The ideal classlessness of Mormon community was exemplified by a comment made by a friend of mine named Kelly, a convert to the church in South Bend. He was a janitor at the University of Notre Dame, where several other members of the ward were either graduate students or professors. On that campus, as at most campuses and other places of work, janitors are practically invisible and occupy a distinctly lower place in the de facto caste system. Professors and janitors just don’t normally mix, at least not socially. But Kelly and his wife Kathy were amazing people. They refused to be intimidated by all these people with advanced degrees and fancy words like “hermeneutics” and immediately endeared themselves to the entire ward. They quickly became part of the dinner circuit and joyfully served alongside other ward members in every capacity, sharing lots of laughs in the process. When my mother came to visit, Kelly sought her out, gave her a bear hug, and exclaimed, “Isn’t this a great church, where a janitor and a professor at Notre Dame can be friends?”

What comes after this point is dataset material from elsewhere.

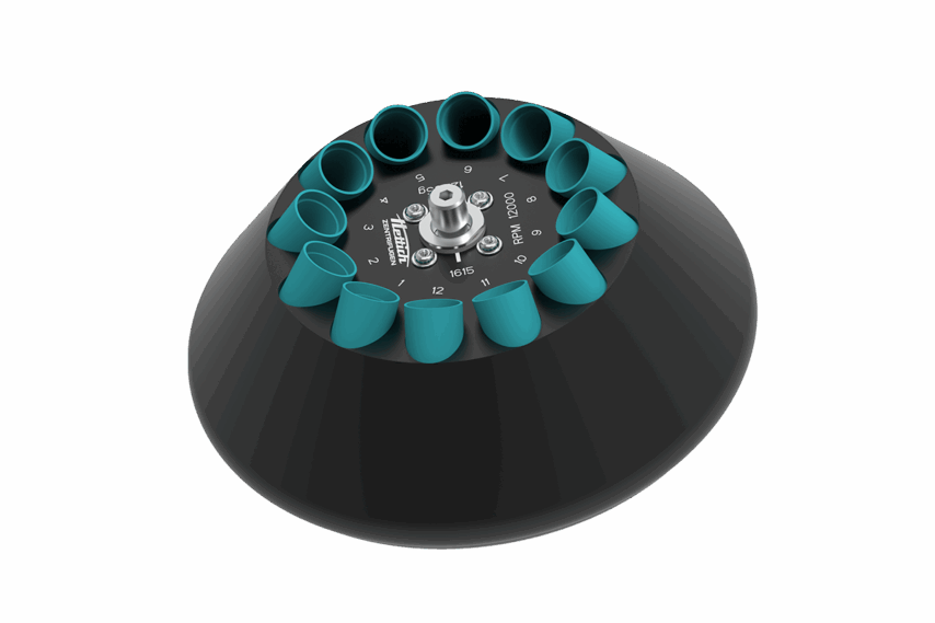 The Hettich Rotor 1615 is compatible with the UNIVERSAL 320/320R benchtop centrifuge. The 12-place, angle rotor is ideal for round-bottom and conical tubes up to 15 mL without bio-containment. Please inquire about specific tube and adapter combinations and the corresponding RCF values. RCF values may differ for centrifuges with refrigeration. Not every rotor configuration is pictured; ask for more details.
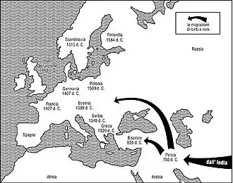 Linguistic evidence shows the Roma's emigration from Northwestern India to Europe, between the 3rd to 7th century AD,[17] and to Poland at around 1400.[10] Their emigration may be attributed to the surge in Roma killings during 1400–1500 in Western Europe, as Poland was relatively more welcoming.[18]

Ex-Mormon skeptics like to quote the aphorism that “What is good in the church is not unique, and what is unique is not good.” But this is false. Mormonism has some uniquely good qualities, and Mason articulates them well. If you don’t want to take Mason’s word for it, I also recommend Bloomberg View columnist Meghan McArdle’s recent piece, “How Utah Keeps the American Dream Alive.” (“I’m not sure this key ingredient is available in a secular version; I think religion might only come in religion flavor.”)

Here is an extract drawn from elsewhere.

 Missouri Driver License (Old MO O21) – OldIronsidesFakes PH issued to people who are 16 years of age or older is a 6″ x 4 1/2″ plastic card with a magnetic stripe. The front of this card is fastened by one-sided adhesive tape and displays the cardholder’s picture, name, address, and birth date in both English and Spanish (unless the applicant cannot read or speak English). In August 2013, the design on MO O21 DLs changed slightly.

Mason concludes that “The Church of Jesus Christ of Latter-day Saints is not the only place to follow Christ, but I don’t know of anywhere better.”

Who this book is for

It is not for ex-Mormons. I think Mason would agree. As hard as he tries, his first principle that the church is true no matter what does not allow him to describe ex-Mormons entirely sympathetically. (One possible exception is ex-Mormon evangelicals; for Mason, belief in a vigorous, literalist strain of Christianity is the next best thing to belief in Mormonism.)

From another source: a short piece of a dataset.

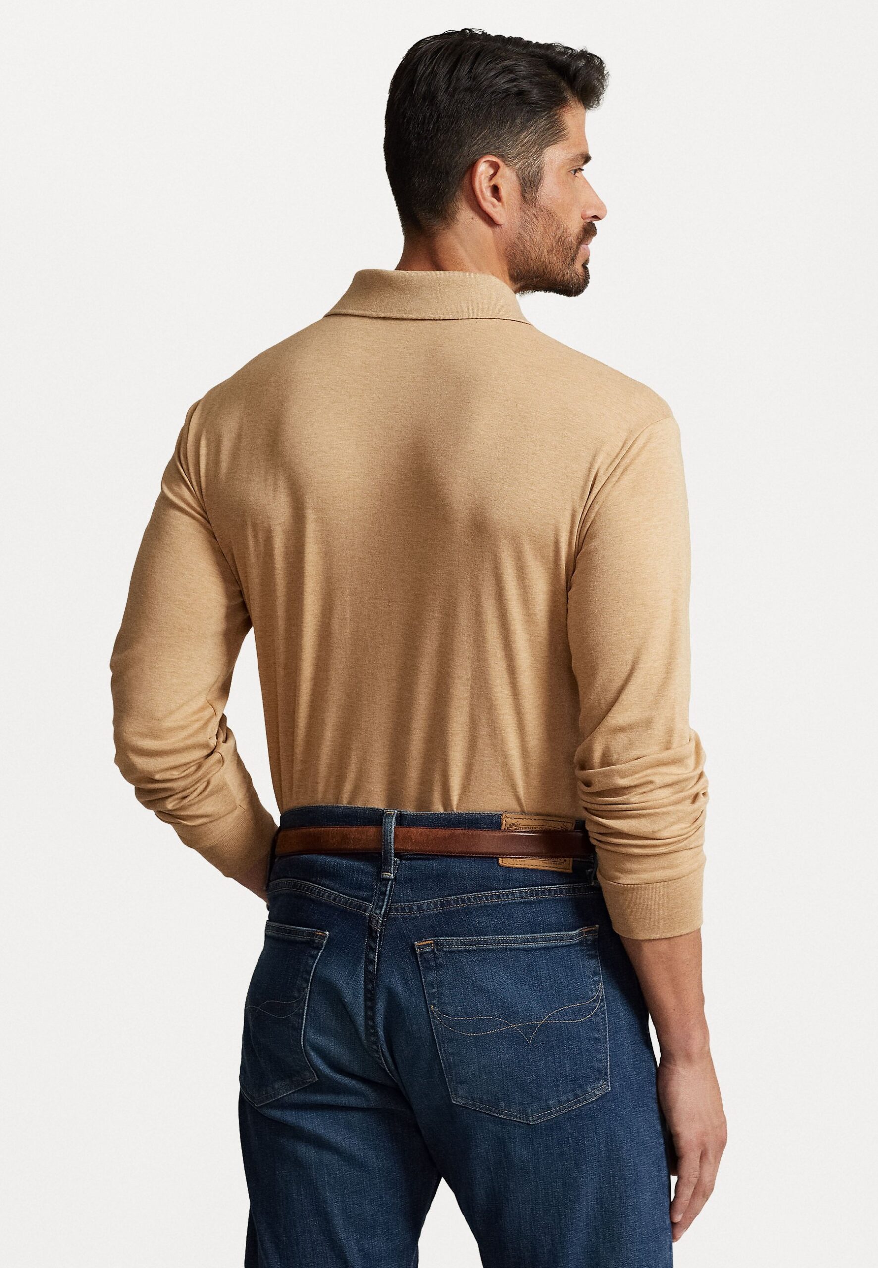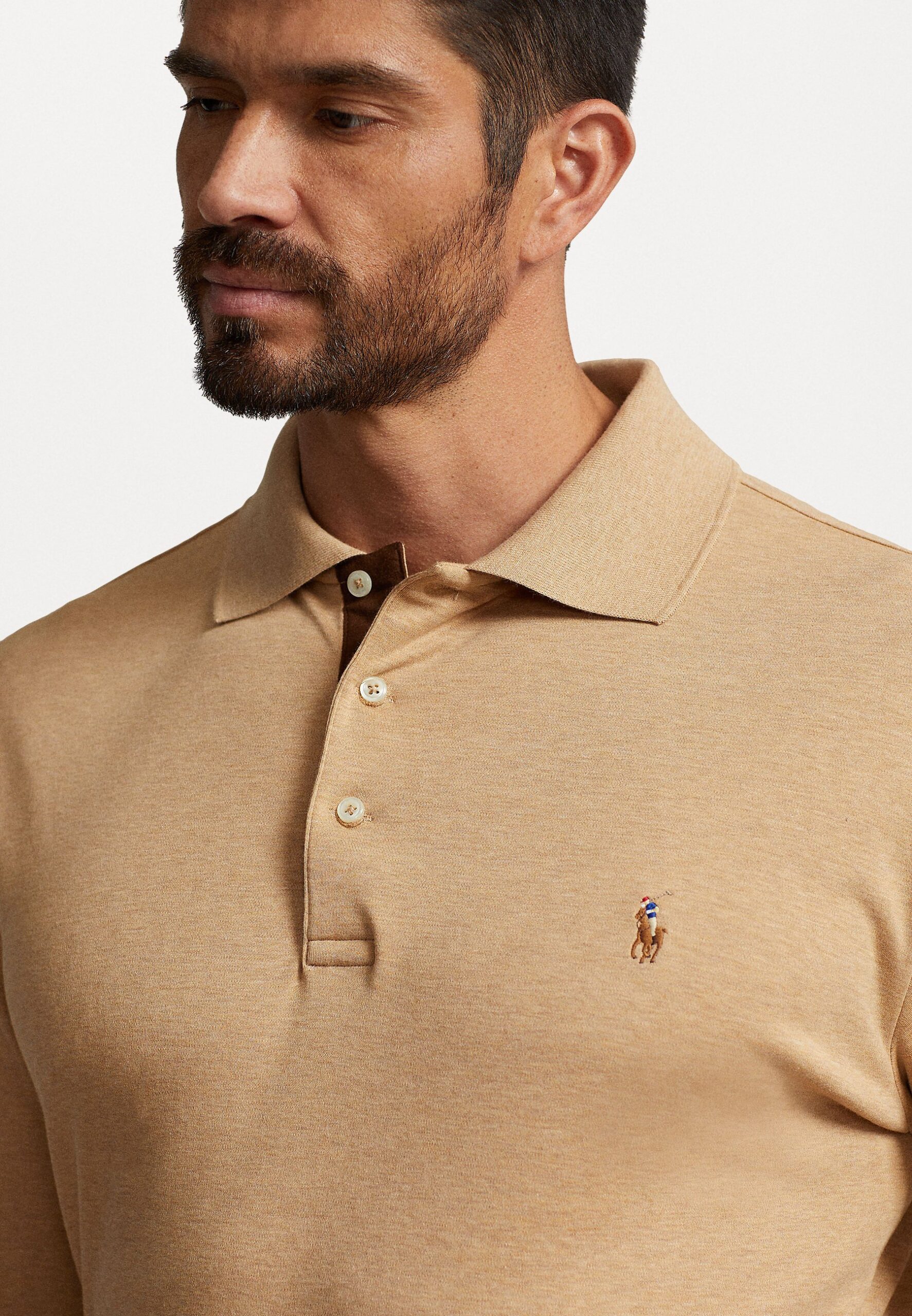 SOFT COTTON LONG-SLEEVE POLO SHIRT – Polo shirt – classic camel heather

It is aimed in part at the family and friends of ex-Mormons, urging them to not judge harshly. While a welcome message, Mason’s subtext (again, from his first principle) that there are faith-promoting answers to all the tough questions tends to undermine the impact this could have. Because if your daughter isn’t coming to the same conclusion that the church is true, it must be that she hasn’t studied hard enough, prayed hard enough, or tried hard enough to believe.

The best audience for this book is someone who knows enough to be anxious but who wants to remain in the church, who is looking for comfort and for reasons to stay. For that person this book will resonate deeply.